The self-contained toilet system, using this technology, developed by Stanford University and the Climate Foundation in US, will be shipped before the close of the year to a Nairobi slum to process two tons of human waste daily, said a statement from the Bill and Melinda Gates Foundation.

Part of the strategy of reinventing the toilet also involves gathering what people want and measuring if it really works.

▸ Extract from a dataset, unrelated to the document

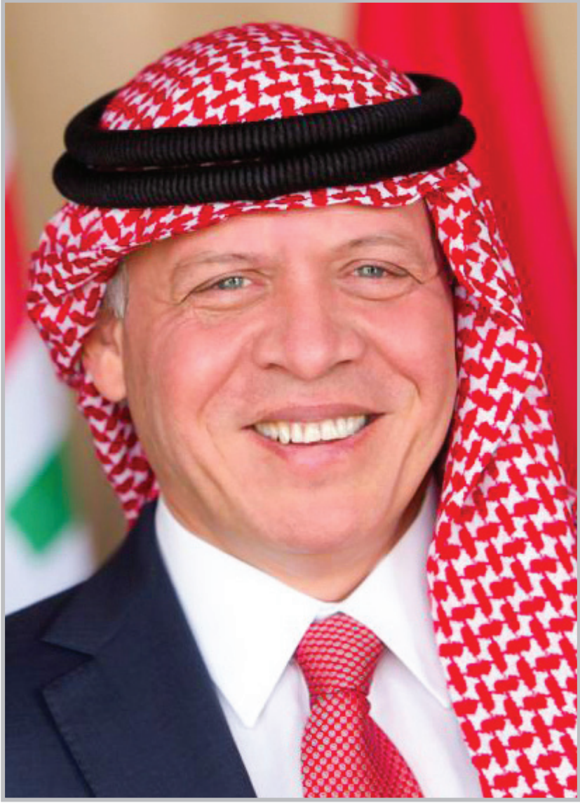
حضرة صاحب الجلالة الملك عبد الله الثاني بن الحسين المعظم

So participating teams have to a duty to work in close collaboration with local communities in sub-Saharan Africa and south Asia where the burden of unsafe sanitation is greatest. 

The toilets should also spur behavior change, improving hygiene and stopping open defecation done by more than a billion people in the developing world.

Four other toilet innovations will use technology that will disinfect urine using ultra-violet light and boiling the urine under pressure to recover highly purified water.
The University of Kwazulu-Natal, South Africa, toilet system is designed to recover water and carbon dioxide from urine in community bathrooms and extrude feces into thin strands for faster drying and stabilisation.

A solar-powered toilet by the California Institute of Technology in the US, will generate hydrogen and electricity. This toilet will have a solar panel that will produce enough power for the electrochemical reactor that will break down water and human waste into hydrogen gas. It will be interesting for the winning toilet to be adopted in the developing world.

The Gates Foundation announced the reinventing the toilet challenge, for Universities, in April 2011, at the third African Conference on Sanitation and Hygiene, AfricaSan, in Kigali, Rwanda calling for new ideas and innovations for a toilet.

The current flush toilet was invented over 200 years ago, and it has been able to reach only one-third of the world, leaving more than a billion people to open defecation and diseases caused by unsafe sanitation leading to half of all hospitalizations in the developing world.    

The World Health Organization (WHO) says improved sanitation can produce up to $9 for every $1 invested by increasing productivity, reducing health care costs, and preventing illness, disability, and early death.

Reducing by half the number of people who don’t have access to basic sanitation is a key target of the United Nations’ 2015 Millennium Development Goals (MDGs).

According to WHO access to safe sanitation would reduce child diarrhea by 30 percent and significantly increases school attendance especially for girls, who often miss work or school when they are menstruating and risk sexual assault when they are forced to defecate in the open or use public restrooms.